Hannah deadpans, “Anything by Mariah Carey that’s impossible for anyone else to sing along to.”
Of course, I burst out laughing. Holy hell. Hannah is hilarious. It’s not only what she says, but how she says it. Her delivery is always pitch perfect—dry and deadpanned. She’s got exactly my sense of humor.
“Actually, I don’t have a go-to,” Hannah adds. “I like flipping through the book of songs each time and letting the spirit move me.”
I gasp dramatically. “Respect. It’s a rare gunslinger who’s willing to play Karaoke Roulette.”
Hannah laughs. “I’ve crashed and burned doing it that way. Sometimes, I reach the chorus and realize, ‘Oh fuckity, I can’t come close to reaching that note. But you know what I do then? Come here.”
She motions for me to lean in closer, like she’s going to tell me a huge secret, and when I do, the sight of her cleavage and scent of her perfume send arousal rocketing through me.
Once I’m leaning close, Hannah mimes holding out her microphone to the crowd before fake-bellowing, “Let me hear it!”
I lean back, chuckling. “Genius.”
Hannah winks. “Everyone’s got a superpower. That’s mine.”

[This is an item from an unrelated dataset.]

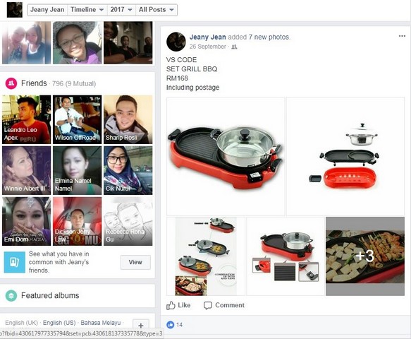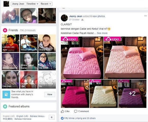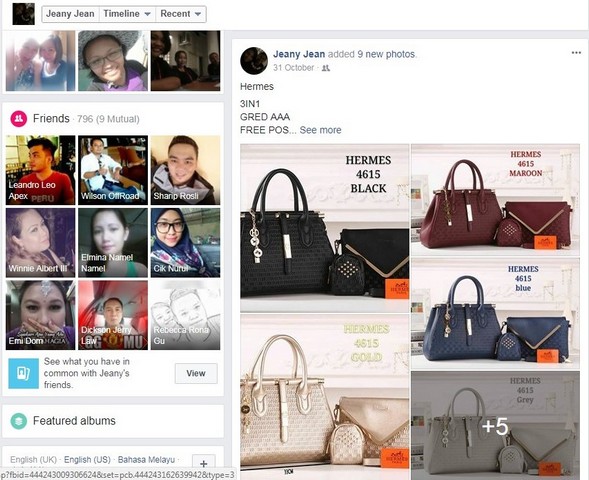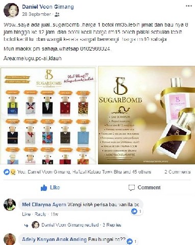 Pn. Jenny anak Dom berminat dalam penjualan secara online yang menggunakan facebook sebagai platform. Antara barangan yang dijual adalah seperti beg tangan, perkakasan rumah, barangan eleltronik dan lain-lain lagi.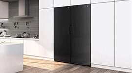 The upright design and non-protruding door allow it to easily fit next to cabinets and the sleek matte black finish will make it a perfect fit for any modern kitchen.

I can’t help smirking at that. That’s how I’ve always thought of my hacking skills—as my superpower. Too bad I can’t tell Hannah that, since her comment would be a perfect segue. Unfortunately, however, what I do for a living isn’t the kind of thing I’d ever tell anyone lightly, especially not on a first date. Or a tenth, for that matter. As a matter of fact, I’ve never told anyone I’m dating the full truth about my superpowers. I suppose my future wife will know everything one day. That seems like a given. But short of that kind of commitment and trust, I can’t fathom voluntarily making myself that vulnerable. Not to mention, I wouldn’t want to scare off a potential wife by saying too much before she’s gotten to know me thoroughly and would therefore believe me when I tell her, truthfully, that I’m deeply committed to a certain brand of ethical hacking, even if what I do to get there isn’t always technically legal.